Indien de verdachte voormelde verklaring geeft, ligt het op de weg van het openbaar ministerie nader onderzoek te doen naar die verklaring. De rechter zal dan mede op basis van de resultaten van dat onderzoek moeten beoordelen of ondanks de verklaring van de verdachte het witwassen bewezen kan worden op de grond dat (het niet anders kan zijn dan dat) het voorwerp uit enig misdrijf afkomstig is.
Indien een dergelijke verklaring uitblijft, mag de rechter die omstandigheid betrekken in zijn overwegingen omtrent het bewijs.”
3.3.3
Dit toetsingskader is ook van belang in de gevallen waarin de rechter aan de omstandigheden waaronder een voorwerp wordt aangetroffen, het vermoeden ontleent dat dit voorwerp “onmiddellijk afkomstig is uit enig eigen misdrijf” als bedoeld in art. 420bis.1 Sr en art. 420quater.1 Sr.
3.4.1
Gelet op de onder 3.2.3 weergegeven door het Hof vastgestelde feiten en omstandigheden, waaronder het bij de verdachte aantreffen van 27 bolletjes cocaïne die kennelijk deel uitmaakten van een handelsvoorraad, heeft het Hof - niet onbegrijpelijk - geoordeeld dat deze het vermoeden rechtvaardigen dat de verdachte een geldbedrag van ongeveer € 650,- voorhanden heeft gehad dat onmiddellijk uit enig eigen misdrijf afkomstig is.
3.4.2
Het Hof heeft voorts, in reactie op wat door en namens de verdachte is aangevoerd over de legale herkomst van dat geldbedrag uit een uitkering, verkoop van een playstation en casinobezoek, overwogen dat de verdachte, naast zijn eigen verklaring, geen stukken heeft overgelegd waaruit die legale herkomst zou blijken.

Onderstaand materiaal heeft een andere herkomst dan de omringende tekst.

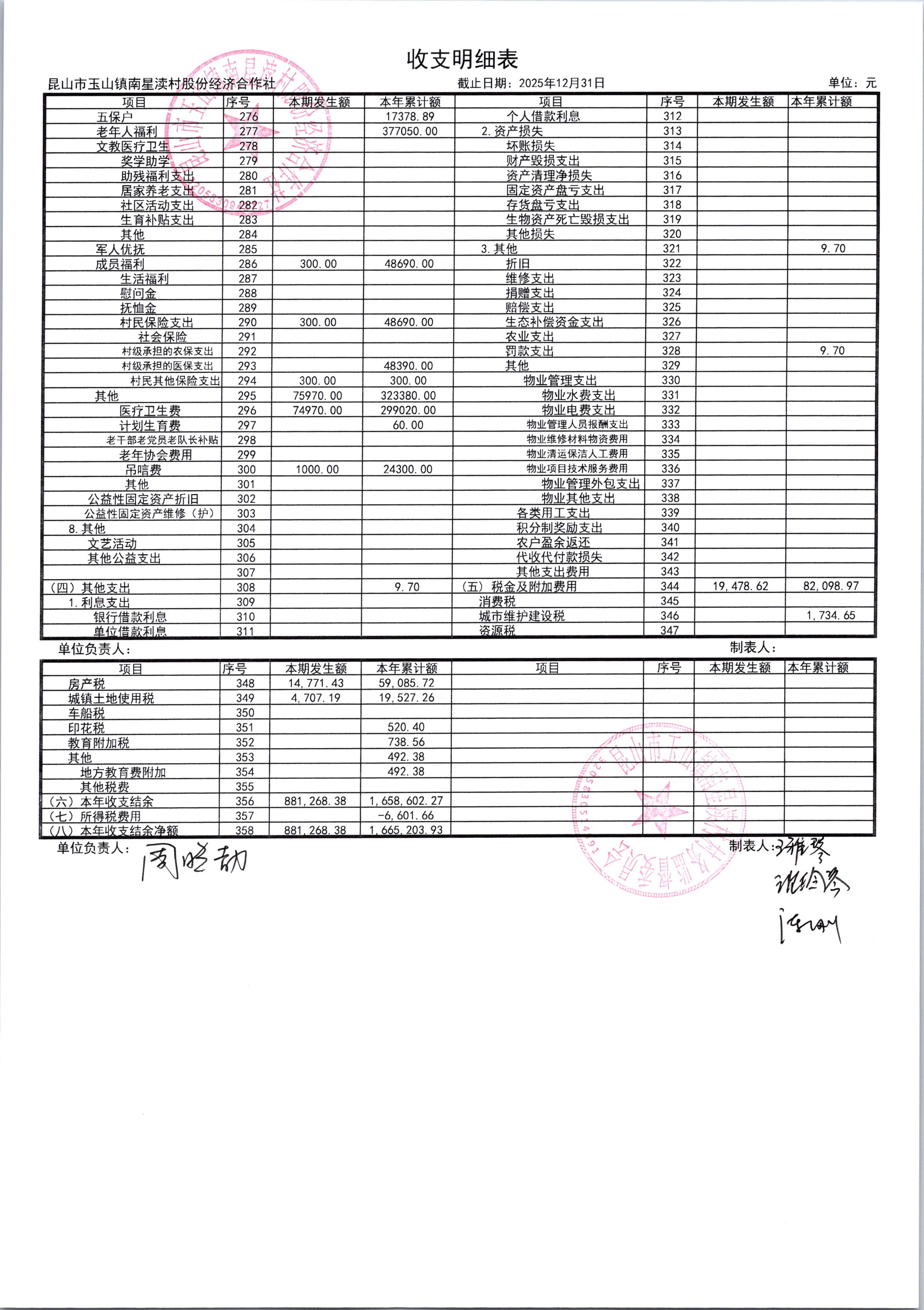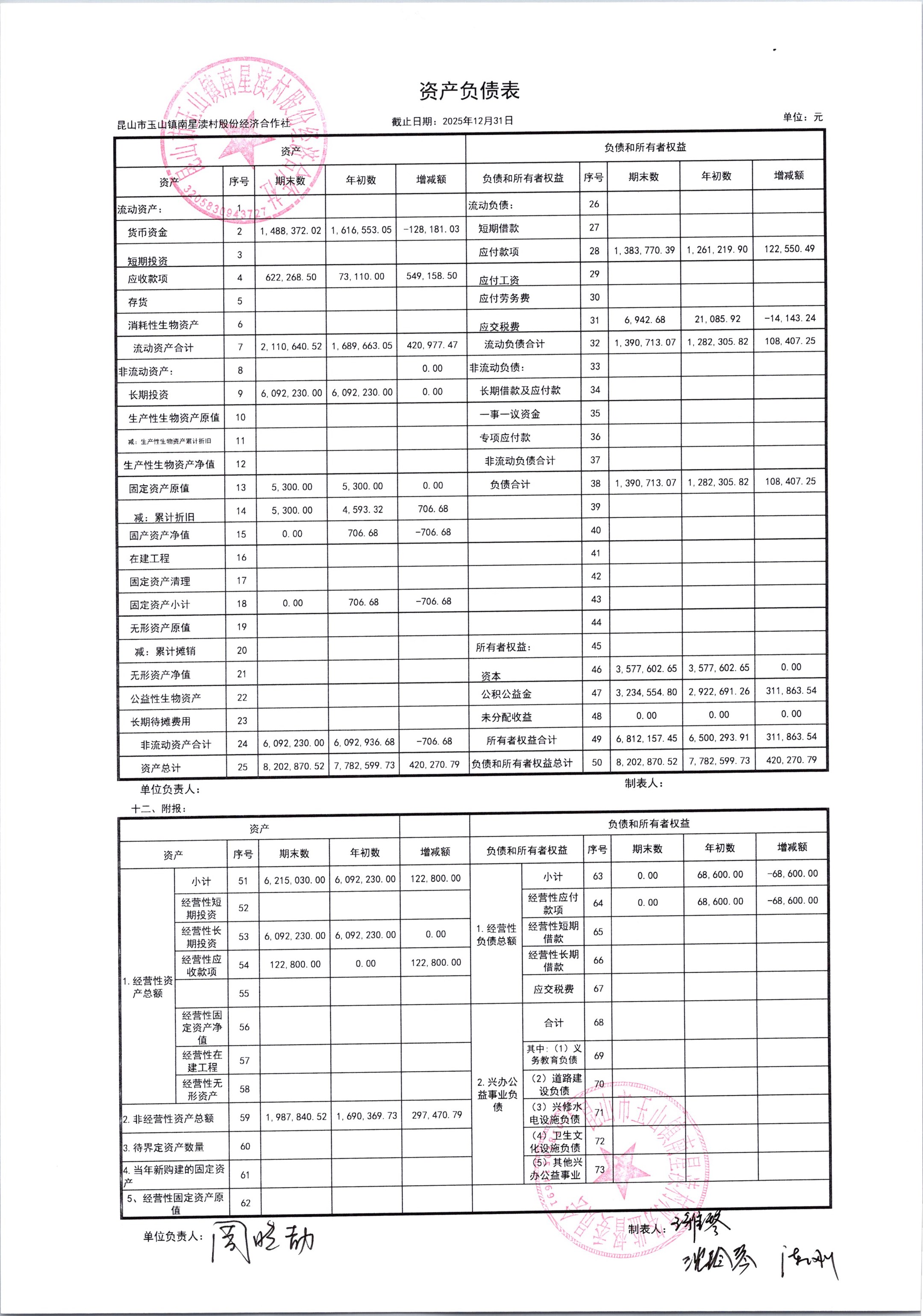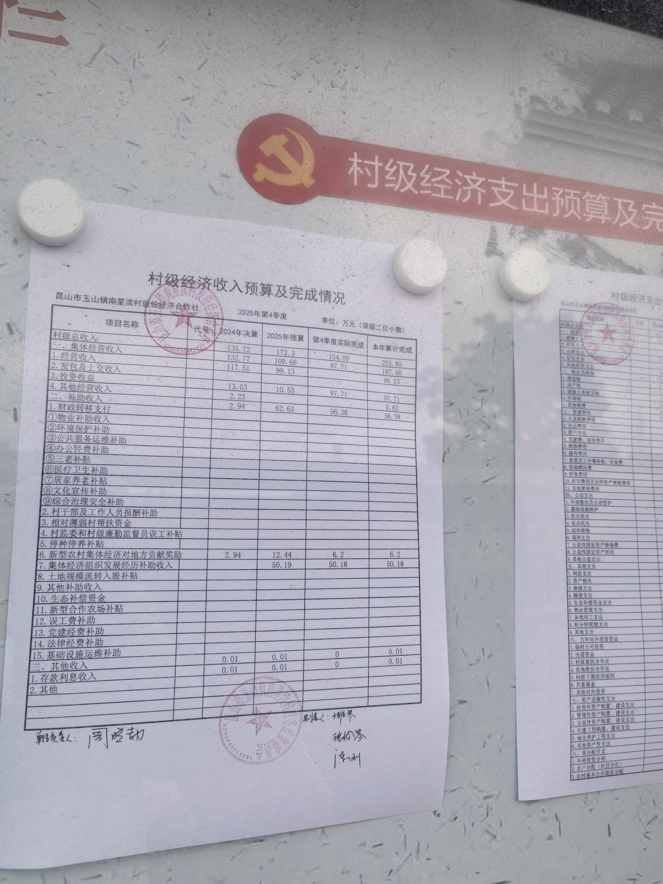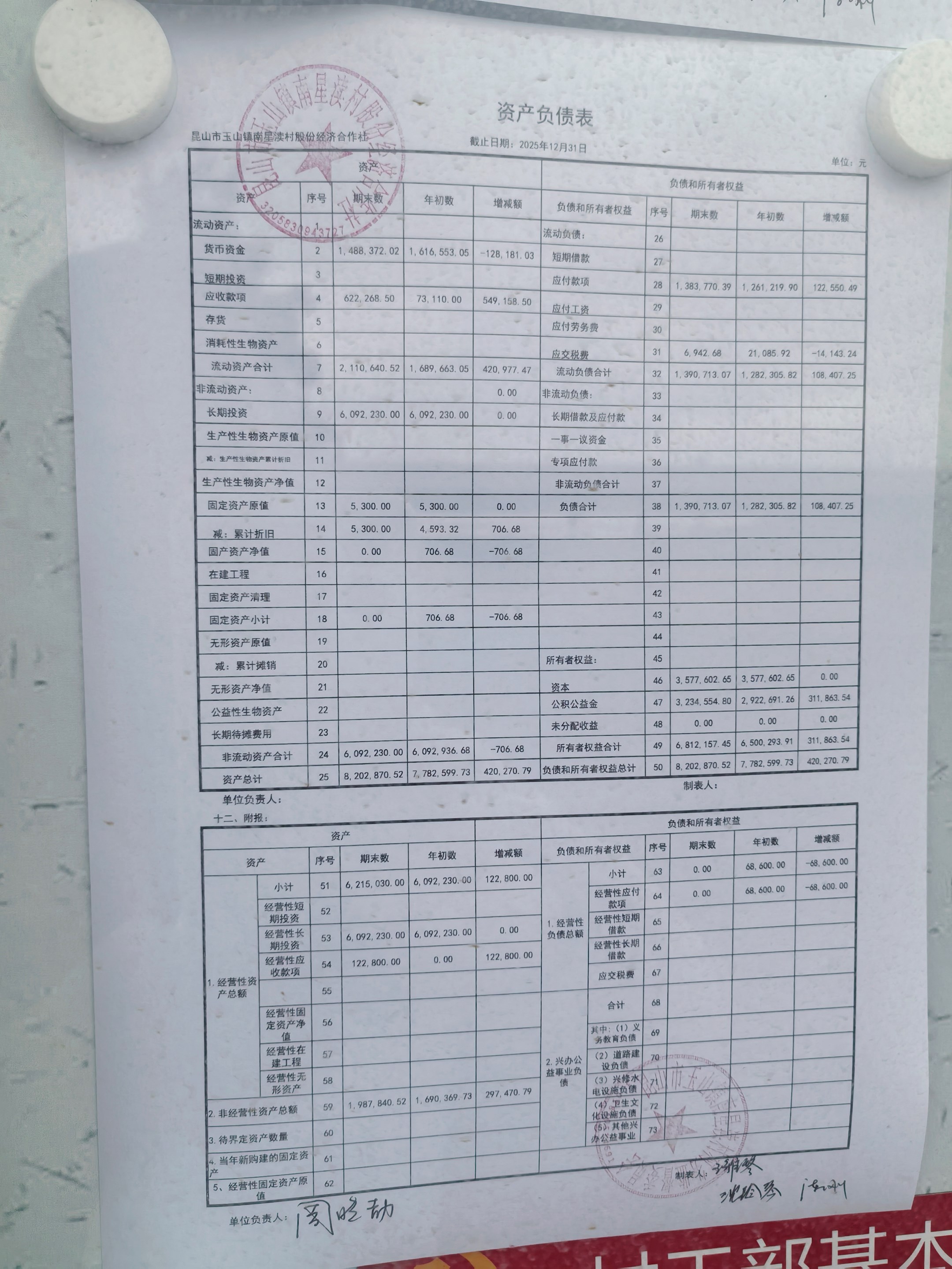 高新区南星渎村2026年1月财务公开(股份经济合作社)
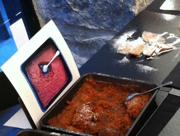 Para esta ocasión se realizó una serie de acciones con guiños a sensaciones, muestras de materiales y paredes o separaciones de espacios. La bebida fue una fuente continua de metales líquidos y una zona de obras nos prepara y situa en el evento. Dispuestos a construir y degustar con estos materiales comestibles nos introdujimos de lleno en una atmósfera expositiva y gastrotectónica.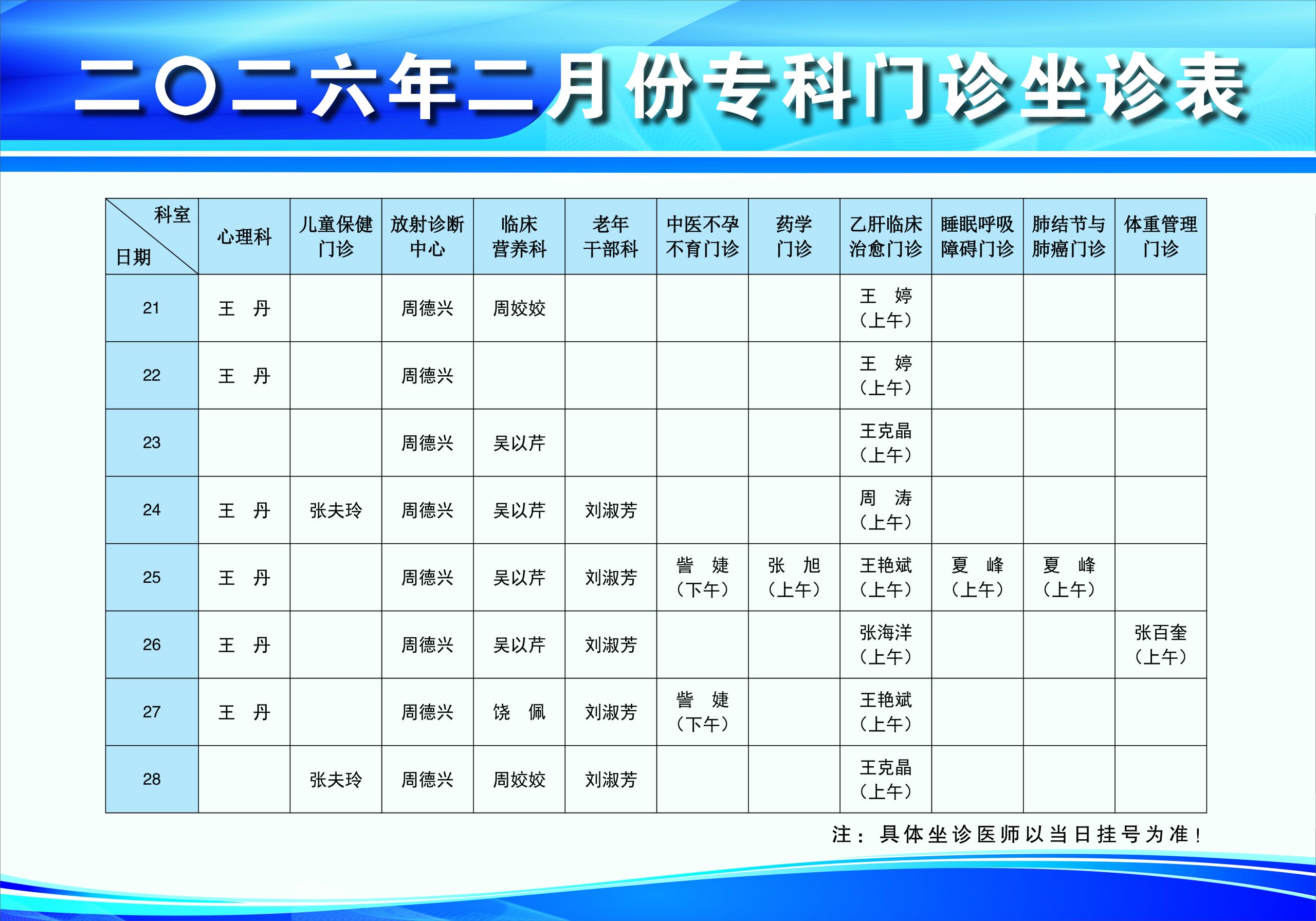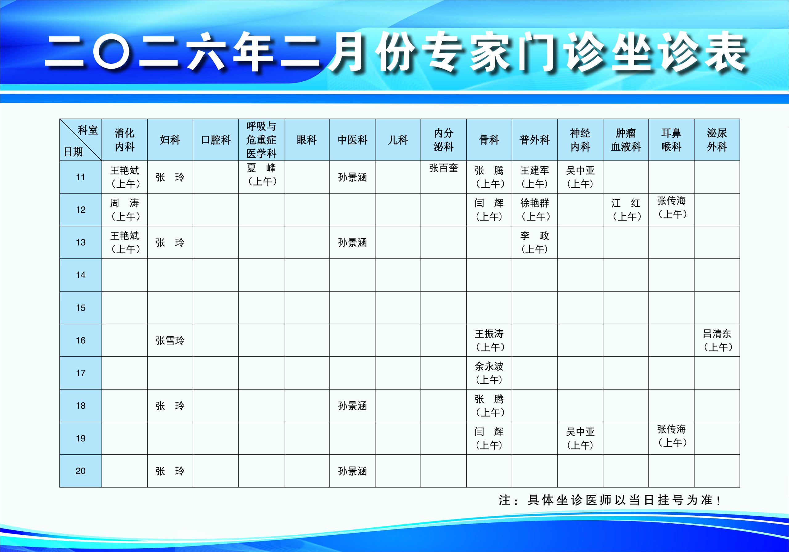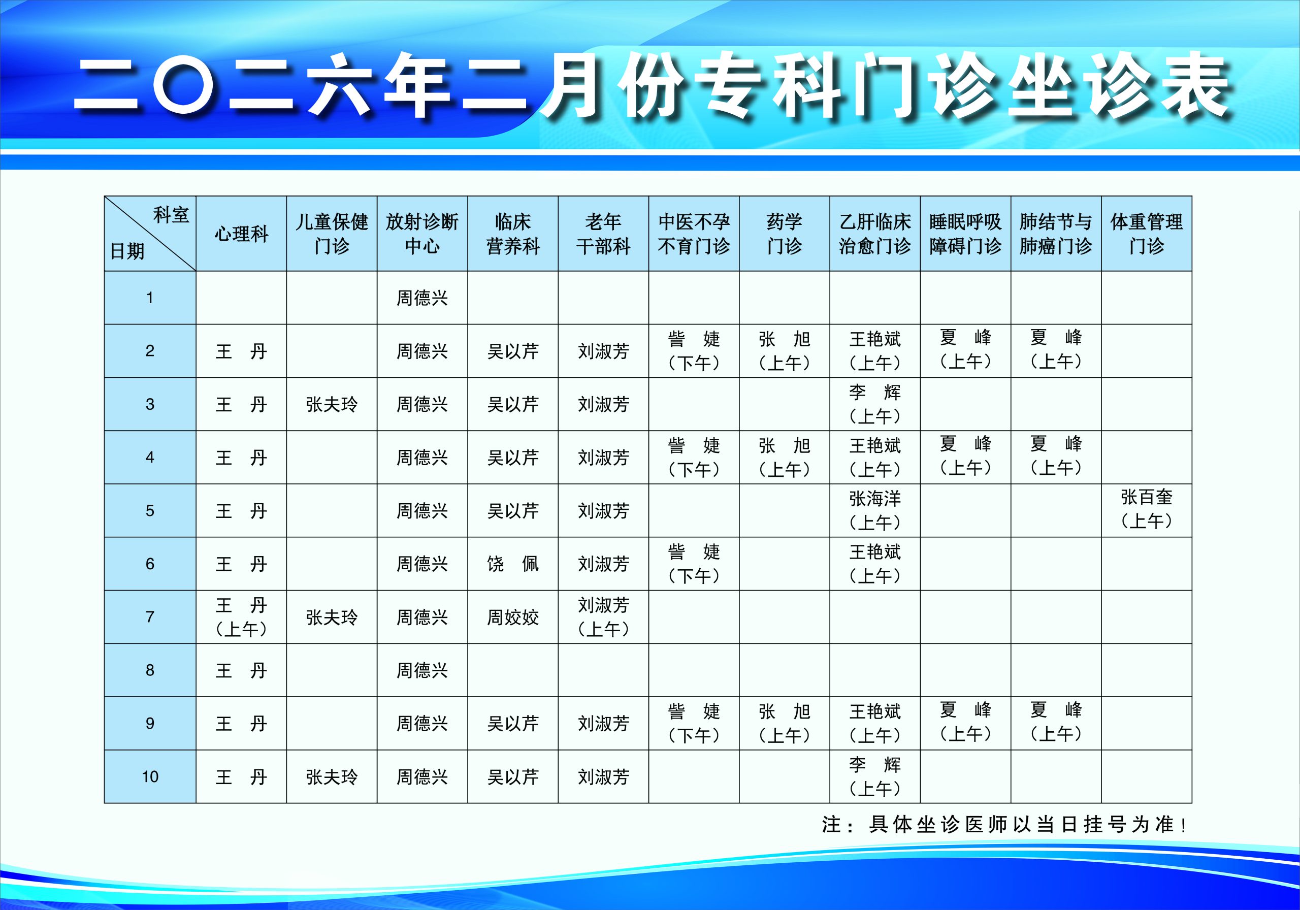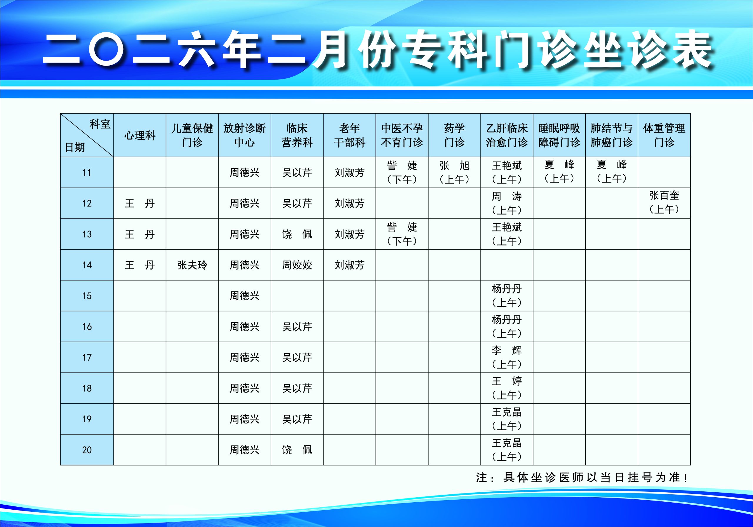 现将我院二月份门诊坐诊时间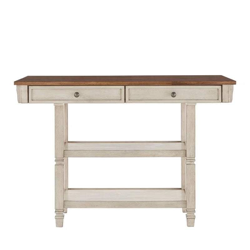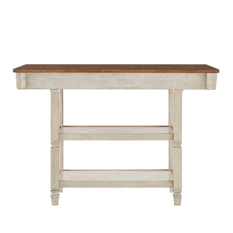 This kitchen island table is a versatile addition to your home, perfect for preparing meals or entertaining guests. Crafted from solid rubberwood, it features a stunning natural oak wood finish that highlights the wood's natural grain. Designed with two open shelves, it provides convenient storage for appliances and utensils. Whether you're hosting a gathering or preparing dinner, this table complements your farmhouse decor while offering ample prep space and easy accessibility.

Het Hof heeft echter in het midden gelaten of de verdachte een concrete, verifieerbare en niet op voorhand hoogst onwaarschijnlijke verklaring heeft gegeven over de herkomst van het (gehele) geldbedrag. In aanmerking genomen wat onder 3.3 is vooropgesteld, is de bewezenverklaring daarom niet toereikend gemotiveerd.
3.5
Het middel is in zoverre terecht voorgesteld. Gelet op de hierna volgende beslissing behoeft het middel voor het overige geen bespreking.
4. Beslissing
De Hoge Raad:
- vernietigt de bestreden uitspraak, maar uitsluitend wat betreft de beslissingen ter zake van het onder 2 tenlastegelegde en de strafoplegging;
- wijst de zaak terug naar het Gerechtshof Amsterdam, opdat de zaak ten aanzien daarvan op het bestaande hoger beroep opnieuw wordt berecht en afgedaan;
- verwerpt het beroep voor het overige.
Dit arrest is gewezen door de vice-president J. de Hullu als voorzitter, en de raadsheren M.J. Borgers en J.C.A.M. Claassens, in bijzijn van de waarnemend griffier E. Schnetz, en uitgesproken ter openbare terechtzitting van 14 januari 2020.
Conclusie 19‑11‑2019
Inhoudsindicatie
Conclusie AG. Opiumwetdelicten en witwassen. Klacht over (onder meer) de verwerping van het uos van de verdediging t.a.v. de herkomst van het ten laste gelegde geldbedrag. De conclusie strekt tot (gedeeltelijke) vernietiging.
PROCUREUR-GENERAAL
BIJ DE
HOGE RAAD DER NEDERLANDEN
Nummer 18/03396
Zitting 19 november 2019
CONCLUSIE
F.W. Bleichrodt
In de zaak
[verdachte] ,
geboren te [geboorteplaats] op [geboortedatum] 1998,
hierna: de verdachte
Het gerechtshof Amsterdam heeft de verdachte bij arrest van 27 juli 2018 wegens 1 “opzettelijk handelen in strijd met het in artikel 2 onder C van de Opiumwet gegeven verbod” en 2 “eenvoudig witwassen” veroordeeld tot een gevangenisstraf voor de duur van acht weken. Voorts heeft het hof beslissingen genomen ten aanzien van in beslag genomen voorwerpen, één en ander zoals vermeld in het arrest.
De zaak hangt samen met een andere zaak tegen de verdachte (18/03404), waarin ik vandaag ook concludeer.
Namens de verdachte is beroep in cassatie ingesteld. Mr. M. Berndsen, advocaat te Amsterdam, heeft twee middelen van cassatie voorgesteld.
Het eerste middel behelst de klacht dat het hof het uitdrukkelijk onderbouwd standpunt, inhoudende dat de integriteit van een in beslag genomen voorwerp mogelijk is geschonden en dat daarom moet worden uitgegaan van niet meer dan een hoeveelheid van 0,42 gram cocaïne, ontoereikend gemotiveerd heeft verworpen.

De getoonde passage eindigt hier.